Employee raises at Facebook depend on engagement, and newly leaked private Zuckerberg recordings show the Groups algorithm prioritizes enragement.  

The Verge’s latest bombshell Facebook exposé with leaked private audio of Mark Zuckerberg is 7,000 words long, takes about a half-hour to read, and features internal secret recordings of Zuck addressing the ways that Facebook has helped foment the violence we've seen around the country since the George Floyd killing in late May. But the long-form piece kicks off, rather amusingly, with an anecdote about how Facebook employees complained that they lost their on-site free food privileges during the pandemic stay-at-home period, and that actually amounts to a lot of money they now have to spend on food, they're realizing. Cue up the tiniest fiddle in the world!  

What that anecdote ignores is that thousands of Facebook “employees” are actually vastly lower-paid contractors who don’t get the same lavish perks or benefits. Still, The Verge’s deeply researched investigation covers an array of Facebook’s content moderation failures (plus some delicious palace intrigue and gossip) on a number of topics: Zuck’s cowardice when Trump posts incite violence, the virtual employee walkout over the platform’s increasingly conservative skew, and even Zuckerberg’s handling of his way-too-much-sunscreen paparazzi photos.

But the most harrowing detail comes near the end of the article, in an employee whistleblower complaint about the Facebook Groups algorithm. “Employees’ raises and promotions are closely tied to their ability to boost engagement within Facebook’s products,” The Verge notes.

In data terms, anti-vaxx groups and QAnon hysteria are going to get far better engagement than your average drag queen or 'Vote Yes on Proposition Z' groups. Moreover, the group recommendations tool prioritizes the angriest and most out-to-lunch groups, because those tend to get more clicks when they appear in the recommended field.

“They try to give you a mix of things you’re part of and not part of, but the aspect of the algorithm that recommends groups that are similar to the one that you’re part of are really dangerous,” an anonymous engineer told The Verge. “That’s where the bubble generation begins. A user enters one group, and Facebook essentially pigeonholes them into a lifestyle that they can never really get out of.”

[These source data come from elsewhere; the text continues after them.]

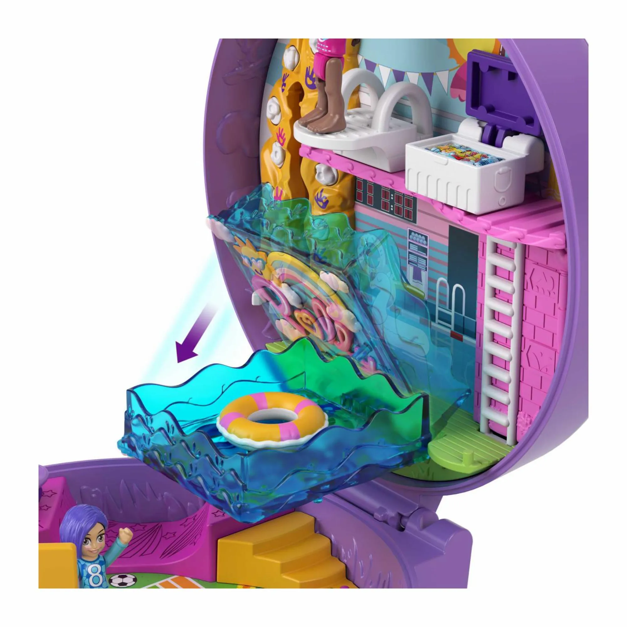Scopri le tantissime attività divertenti: aggancia una delle bambole alla parete da arrampicata, abbassa la piscina per fare qualche vasca, fai un paio di canestri, muovi la palla da volley avanti e indietro sulla rete e apri il frigorifero a pozzetto per rifocillarti con qualcosa di fresco.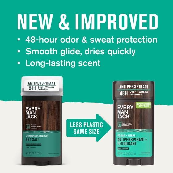 Every Man Jack Men's Sea Salt and Citrus Antiperspirant Deodorant - Long Lasting, Plant-Based, No Harsh Chemicals, 2.6 oz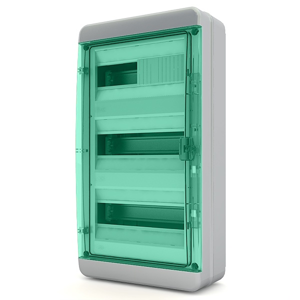 Влагозащищенный электрический шкаф Текфор, накладного монтажа, трехрядный на 36 модулей, с прозрачной зеленой дверцей 01-03-042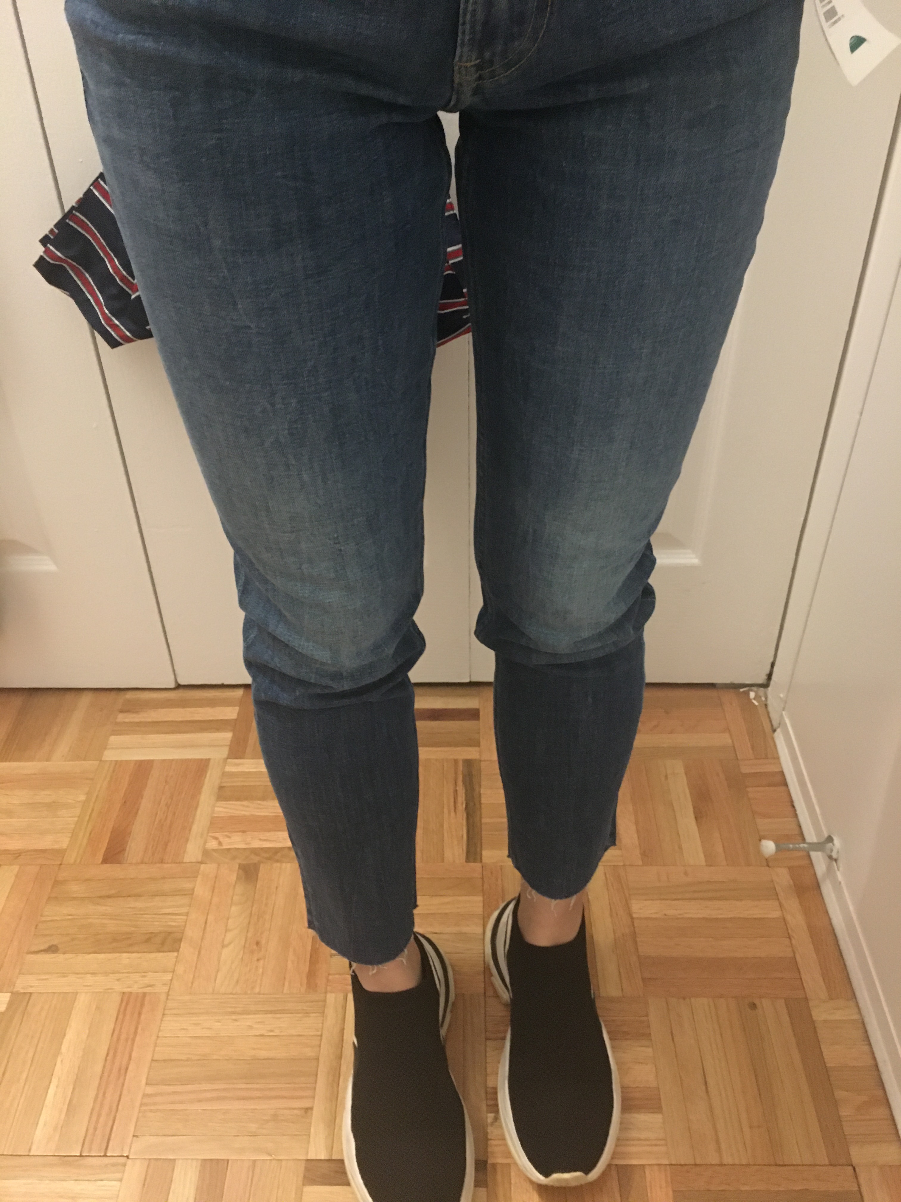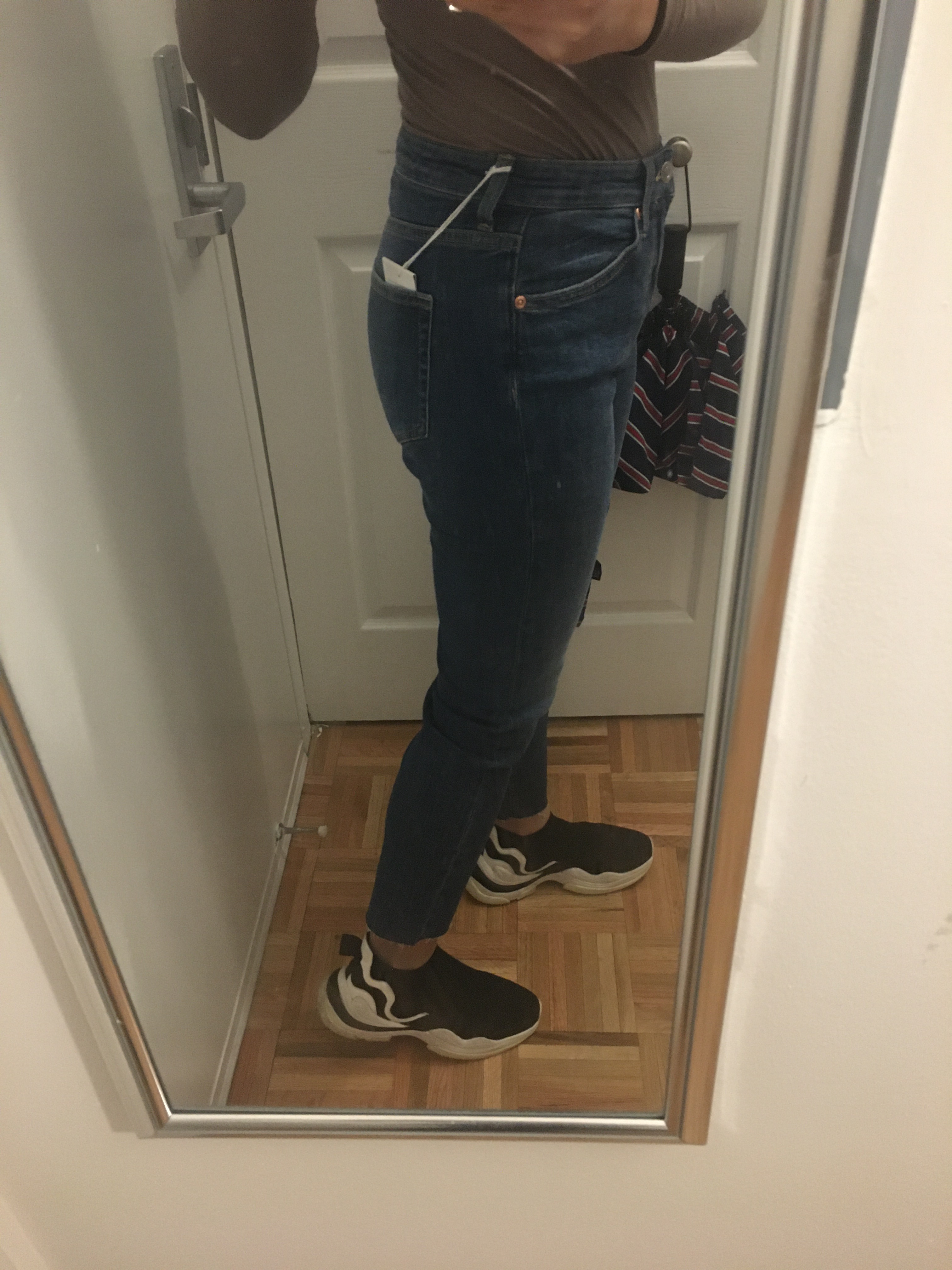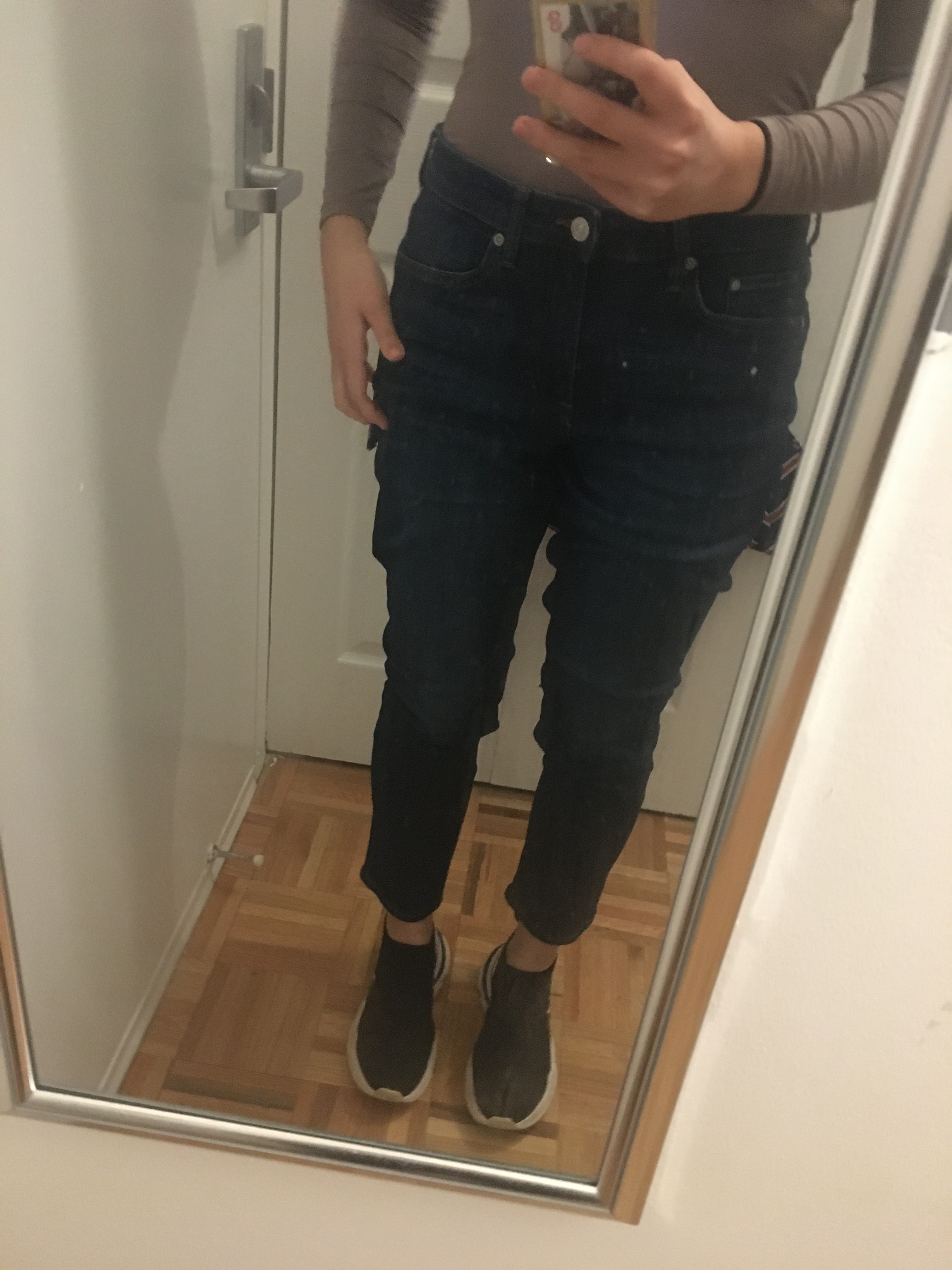 No – I purchased two of H&M’s Girlfriend jeans in different colors and sizes to see which fit better, and this is the larger of the two, size 6. I remembered H&M being small with their sizes, but also remembered that H&M tried to change their garment sizing so I wasn’t entirely sure what size I should get. And as you can see in the pictures, size 6 is way too big. There is just excess fabric everywhere. The waist, the thighs, the inseam. I marked them as a no simply because these are too large, but I think I might exchange them for a smaller size, because I do like them and the deep blue color is something I don’t have in my closet.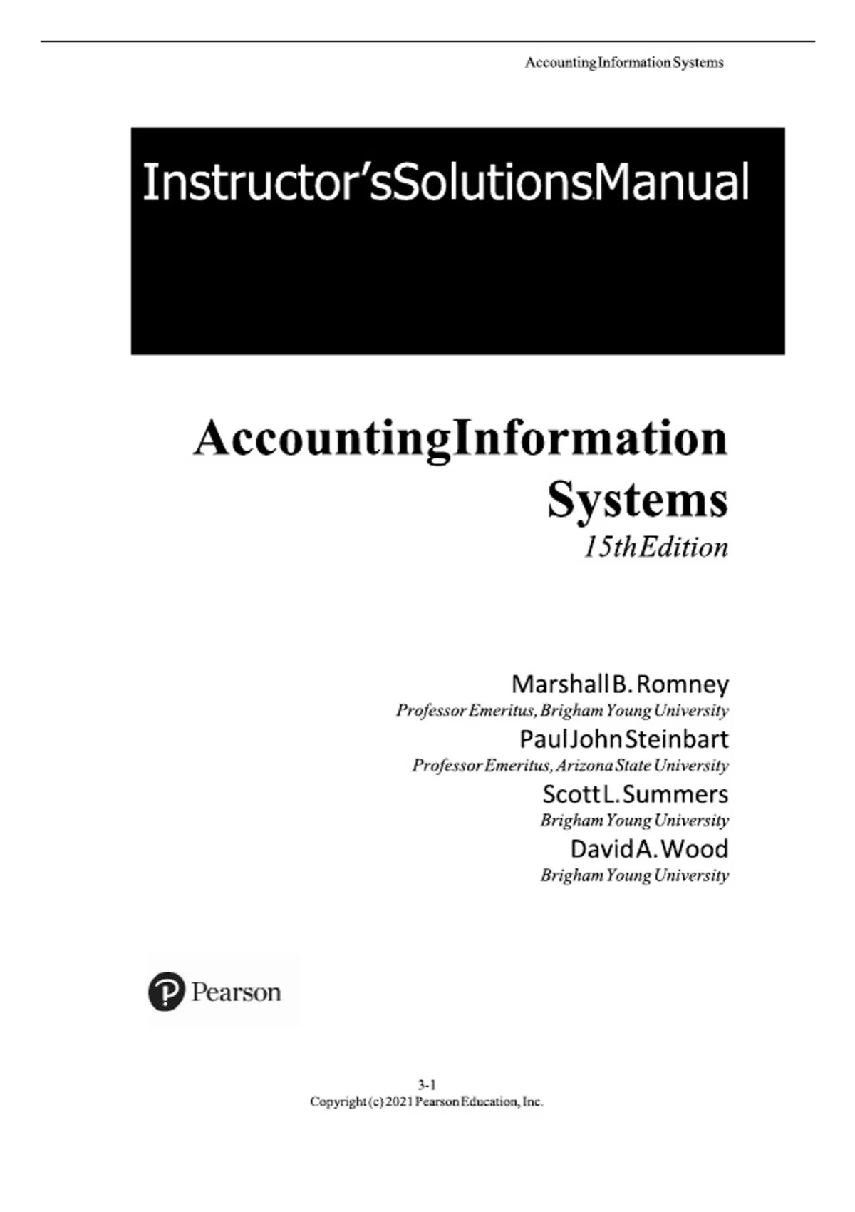 Accounting Information Systems 15th Edition Solution Manual & Test Bank | LL B. Romney, Paul J. Steinbart | Verified Answers PDF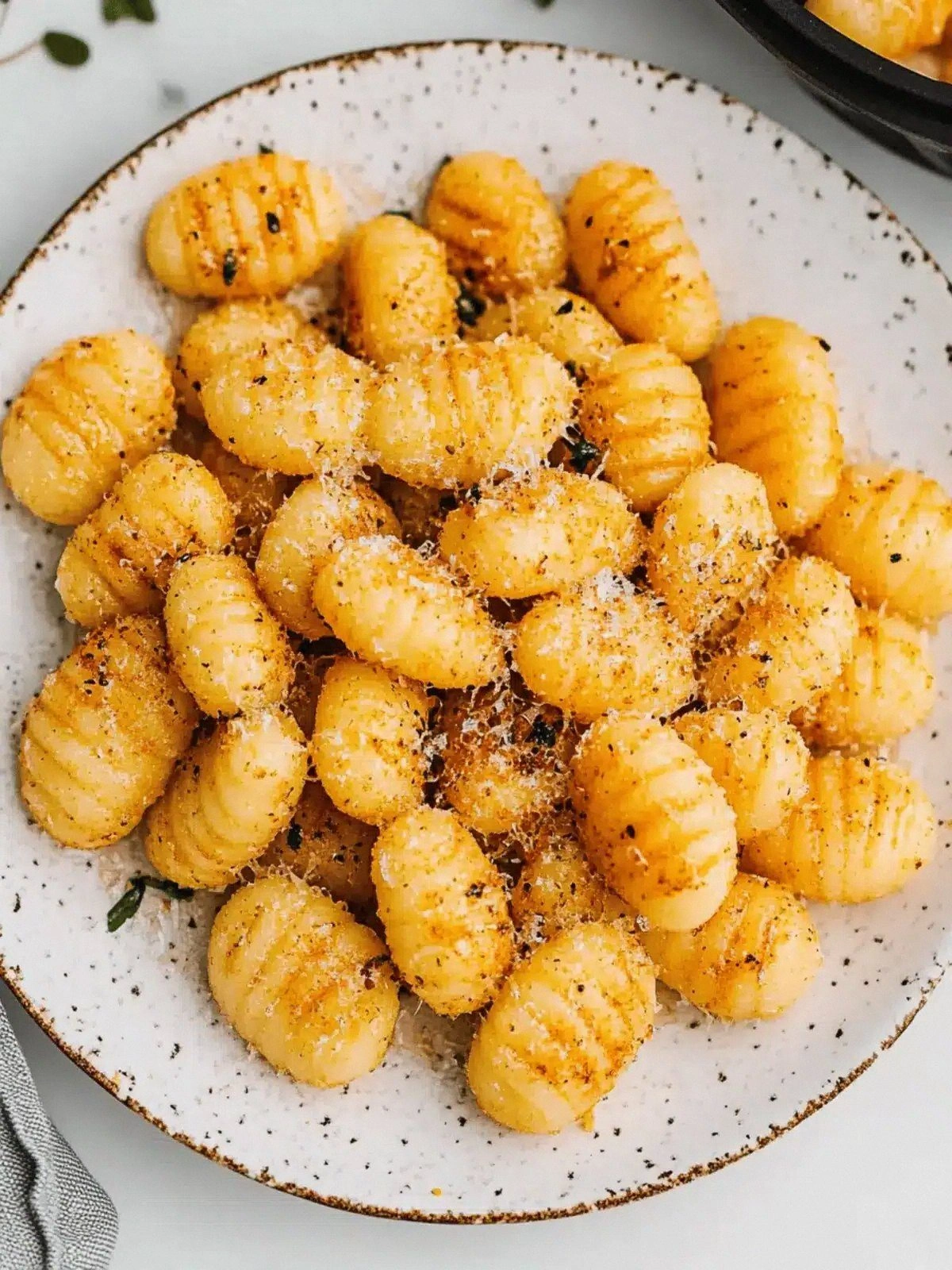 - Transfer the gnocchi to a serving platter and give it a final toss to distribute any remaining herbs or seasoning. The dish should look like a handful of golden, crispy balls that are begging to be devoured. The aroma should be warm and inviting, with hints of garlic and herbs. At this point, you can add a final sprinkle of grated Parmesan or a squeeze of lemon for an extra burst of flavor, but that’s optional.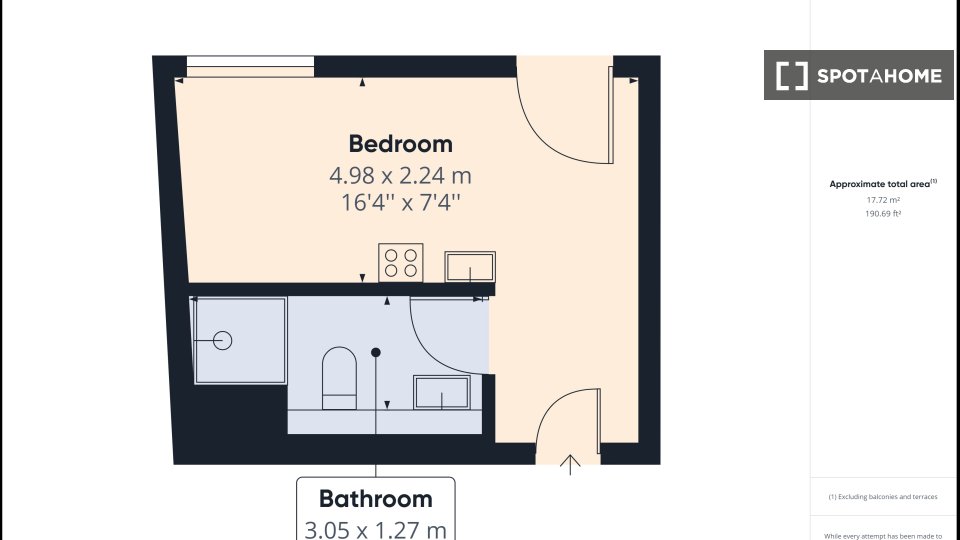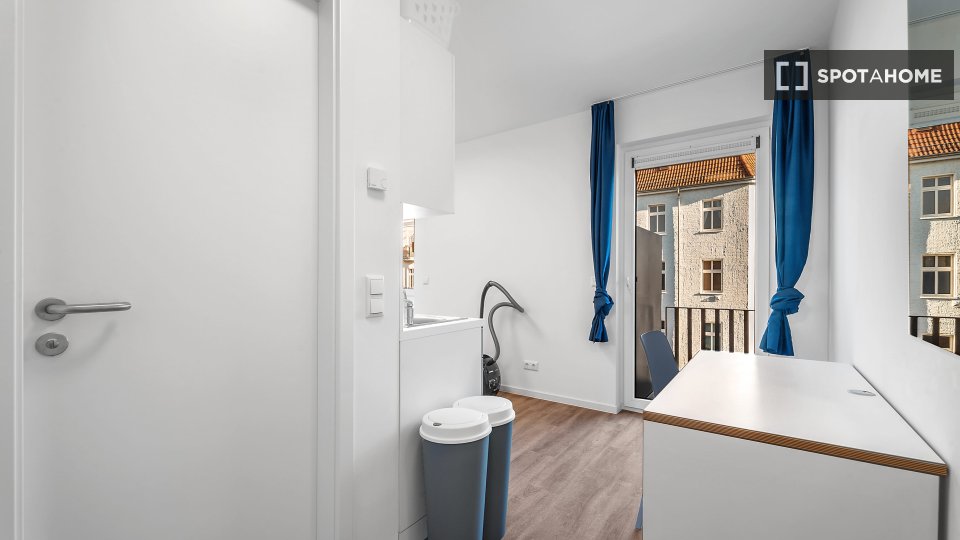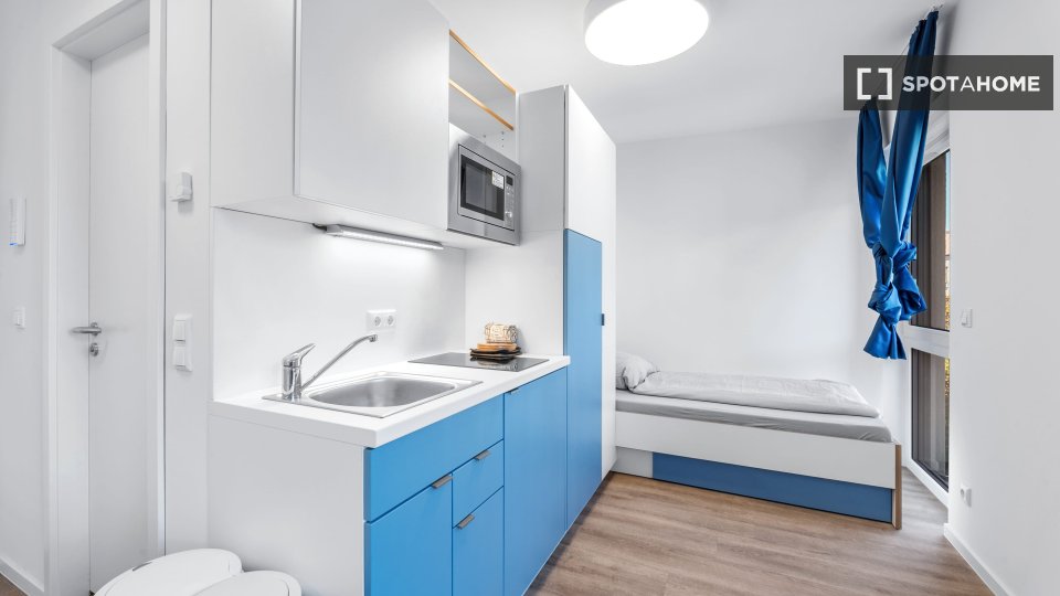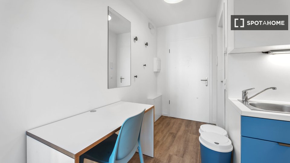 It is a studio, so it has an integrated kitchenette and its own bathroom.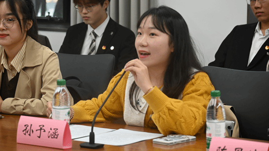 双方围绕第二课堂建设、员工职业生涯发展、涉外法治人才培养、实践能力培育四个主题进行了员工代表发言和交流提问。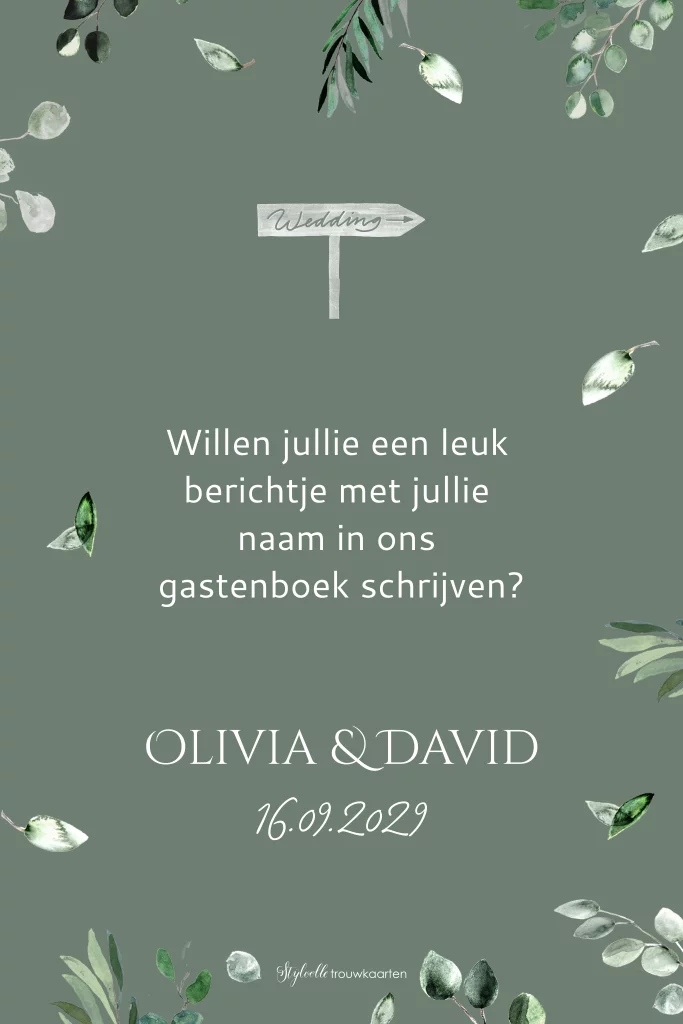 Deze botanische bordje bij gastenboek maakt deel uit van de trouwkaarten set Olivia.

The Verge presents this all as a conflict between Facebook employees’ liberal bias versus Facebook users’ older and more Republican bent. “The community we serve tends to be, on average, ideologically a little bit more conservative than our employee base,” Zuckerberg said on one leaked audio recording. “Maybe ‘a little’ is an understatement. … If we want to actually do a good job of serving people, [we have to take] into account that there are different views on different things, and that if someone disagrees with a view, that doesn’t necessarily mean that they’re hateful or have bad intent.”

But consider that Facebook may be making people more susceptible to looney tunes right-wing conspiracy theories and rage movements. We all know New Age spiritual-types who’ve been converted into militant COVID deniers, Burning Man bros who suddenly find Christ-like charm in meathead Trumper Joe Rogan, and suburban moms who suspect Joe Biden is harvesting mail-order child brides from Ukraine. One cannot discount the possibility that Facebook’s enormous reach is a heavy contributor to this, if not the primary cause.

The Verge describes this all as “Mark in the Middle,” or Zuckerberg trying to balance his left-wing workforce with his right-wing user base. That may be incorrect. Zuckerberg’s top conservative executives, right-wing ‘censorship’ Cassandras, and sweet Trump campaign ad money have likely made Zuckerberg far more fearful of conservative backlash than he ever would be of liberal backlash. So in that sense, Republicans are playing Mark Zuckerberg like he’s a banjo at the Hardly Strictly Bluegrass Festival.